HCF(9220, 4961, 85352) = 1
HCF of 9220, 4961, 85352 using Euclid's algorithm
Highest common factor or Highest common divisor (hcd) can be calculated by Euclid's algotithm.
Highest common factor (HCF) of 9220, 4961, 85352 is 1.
Highest Common Factor of 9220,4961,85352 is 1
Step 1: Since 9220 > 4961, we apply the division lemma to 9220 and 4961, to get
9220 = 4961 x 1 + 4259
Step 2: Since the reminder 4961 ≠ 0, we apply division lemma to 4259 and 4961, to get
4961 = 4259 x 1 + 702
Step 3: We consider the new divisor 4259 and the new remainder 702, and apply the division lemma to get
4259 = 702 x 6 + 47
We consider the new divisor 702 and the new remainder 47,and apply the division lemma to get
702 = 47 x 14 + 44
We consider the new divisor 47 and the new remainder 44,and apply the division lemma to get
47 = 44 x 1 + 3
We consider the new divisor 44 and the new remainder 3,and apply the division lemma to get
44 = 3 x 14 + 2
We consider the new divisor 3 and the new remainder 2,and apply the division lemma to get
3 = 2 x 1 + 1
We consider the new divisor 2 and the new remainder 1,and apply the division lemma to get
2 = 1 x 2 + 0
The remainder has now become zero, so our procedure stops. Since the divisor at this stage is 1, the HCF of 9220 and 4961 is 1
Notice that 1 = HCF(2,1) = HCF(3,2) = HCF(44,3) = HCF(47,44) = HCF(702,47) = HCF(4259,702) = HCF(4961,4259) = HCF(9220,4961) .
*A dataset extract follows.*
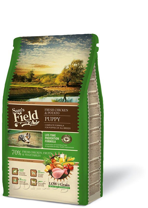 A Sam's Field Fresh Chicken & Potato Puppy egy teljesértékű állateledel, valamennyi fajtájú kölyök kutya számára.

We can take hcf of as 1st numbers and next number as another number to apply in Euclidean lemma
Step 1: Since 85352 > 1, we apply the division lemma to 85352 and 1, to get
85352 = 1 x 85352 + 0
The remainder has now become zero, so our procedure stops. Since the divisor at this stage is 1, the HCF of 1 and 85352 is 1
Notice that 1 = HCF(85352,1) .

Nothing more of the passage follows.